● Given data:
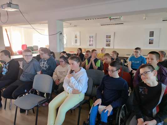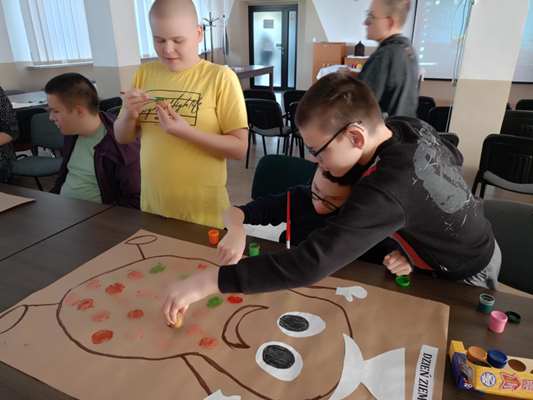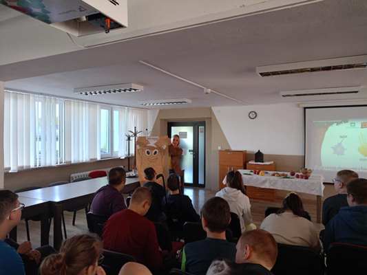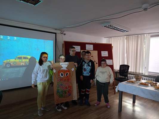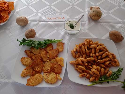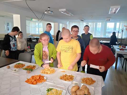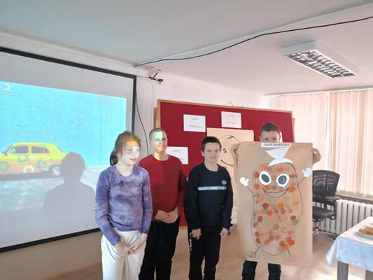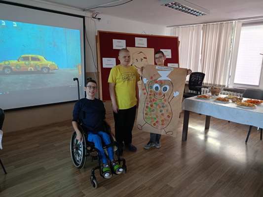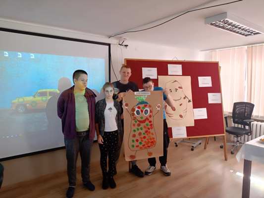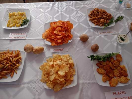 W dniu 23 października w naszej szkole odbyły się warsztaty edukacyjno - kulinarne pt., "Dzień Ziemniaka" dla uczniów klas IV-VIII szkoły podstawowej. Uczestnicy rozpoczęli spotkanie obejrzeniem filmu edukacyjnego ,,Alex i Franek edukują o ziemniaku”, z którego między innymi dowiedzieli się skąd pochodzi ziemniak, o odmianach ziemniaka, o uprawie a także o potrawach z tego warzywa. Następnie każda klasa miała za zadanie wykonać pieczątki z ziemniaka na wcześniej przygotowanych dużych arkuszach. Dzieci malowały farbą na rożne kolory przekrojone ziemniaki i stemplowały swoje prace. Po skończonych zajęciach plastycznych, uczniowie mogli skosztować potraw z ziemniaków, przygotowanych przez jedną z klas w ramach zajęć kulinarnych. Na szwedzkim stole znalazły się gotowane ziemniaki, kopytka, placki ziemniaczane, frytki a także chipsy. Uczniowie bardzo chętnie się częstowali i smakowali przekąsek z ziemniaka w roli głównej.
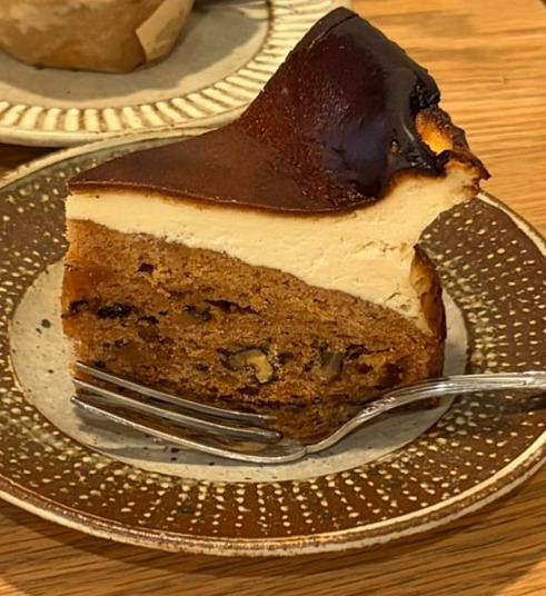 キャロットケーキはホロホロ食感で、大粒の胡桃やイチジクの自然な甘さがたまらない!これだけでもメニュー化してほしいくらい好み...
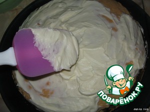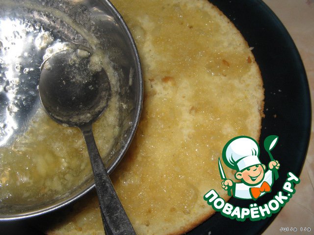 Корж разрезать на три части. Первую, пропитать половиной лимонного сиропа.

==

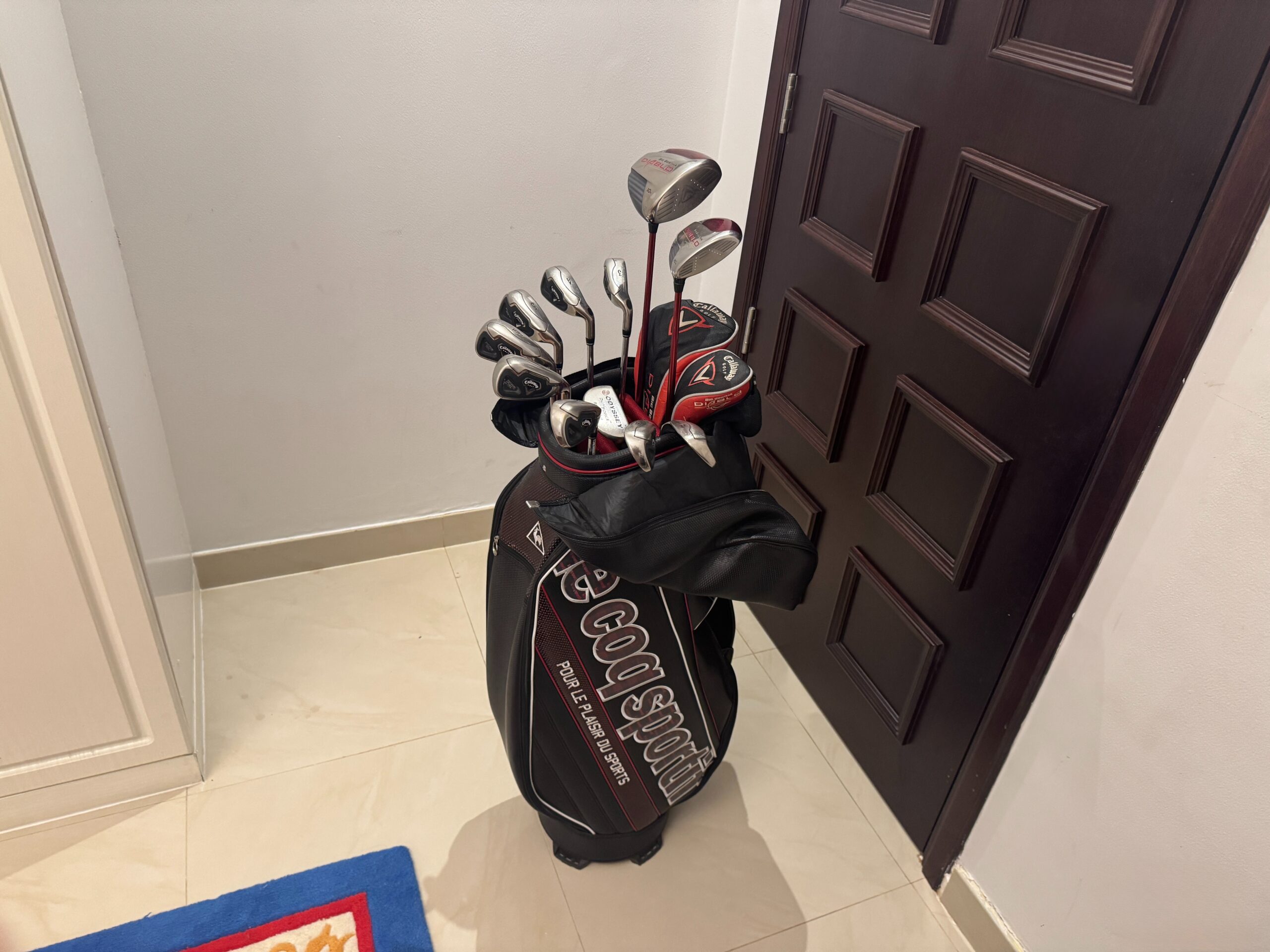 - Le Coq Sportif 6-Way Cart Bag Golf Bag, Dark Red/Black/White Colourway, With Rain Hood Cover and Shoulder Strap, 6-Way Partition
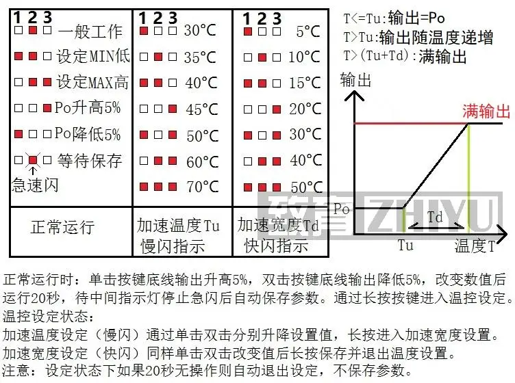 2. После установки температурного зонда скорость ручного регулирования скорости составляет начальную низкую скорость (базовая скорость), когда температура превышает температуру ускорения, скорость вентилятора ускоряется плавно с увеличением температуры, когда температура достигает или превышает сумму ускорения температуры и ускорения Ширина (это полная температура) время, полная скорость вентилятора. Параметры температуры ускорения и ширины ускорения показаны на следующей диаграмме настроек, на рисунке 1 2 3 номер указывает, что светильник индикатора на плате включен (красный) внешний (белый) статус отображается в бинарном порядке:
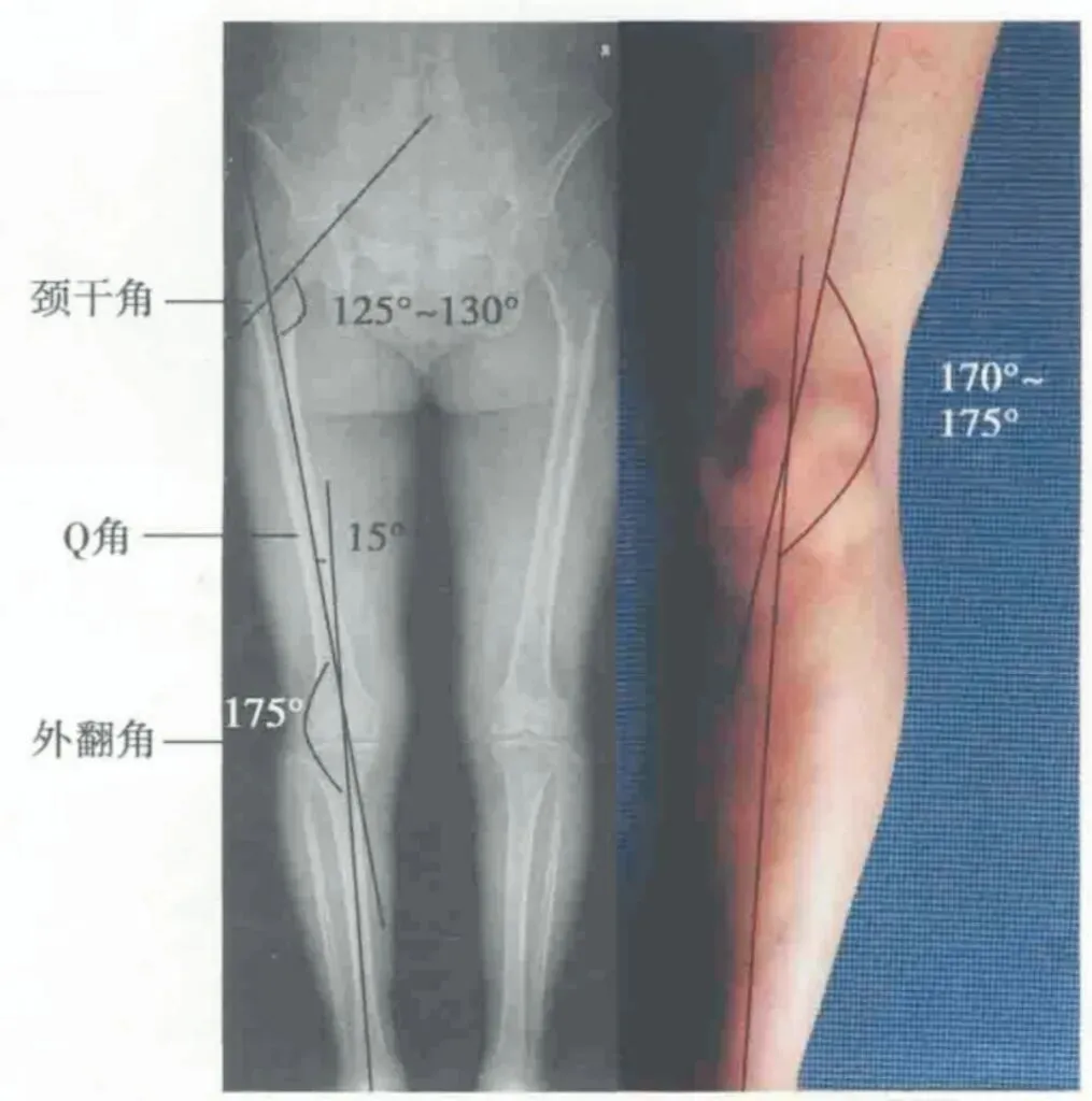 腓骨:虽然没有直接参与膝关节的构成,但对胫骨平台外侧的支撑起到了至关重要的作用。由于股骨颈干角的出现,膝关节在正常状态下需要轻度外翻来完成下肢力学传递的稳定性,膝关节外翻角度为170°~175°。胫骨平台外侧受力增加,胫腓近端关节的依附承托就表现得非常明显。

● Aim of the exercise: Nothing but the lines above, starting at the line that contains "- Le Coq Sportif" and ending at the line that contains "腓骨:虽然没有直接参与膝关节", should be given again, exactly and without the pictures.

● Answer to the exercise:
 - Le Coq Sportif 6-Way Cart Bag Golf Bag, Dark Red/Black/White Colourway, With Rain Hood Cover and Shoulder Strap, 6-Way Partition
 2. После установки температурного зонда скорость ручного регулирования скорости составляет начальную низкую скорость (базовая скорость), когда температура превышает температуру ускорения, скорость вентилятора ускоряется плавно с увеличением температуры, когда температура достигает или превышает сумму ускорения температуры и ускорения Ширина (это полная температура) время, полная скорость вентилятора. Параметры температуры ускорения и ширины ускорения показаны на следующей диаграмме настроек, на рисунке 1 2 3 номер указывает, что светильник индикатора на плате включен (красный) внешний (белый) статус отображается в бинарном порядке:
 腓骨:虽然没有直接参与膝关节的构成,但对胫骨平台外侧的支撑起到了至关重要的作用。由于股骨颈干角的出现,膝关节在正常状态下需要轻度外翻来完成下肢力学传递的稳定性,膝关节外翻角度为170°~175°。胫骨平台外侧受力增加,胫腓近端关节的依附承托就表现得非常明显。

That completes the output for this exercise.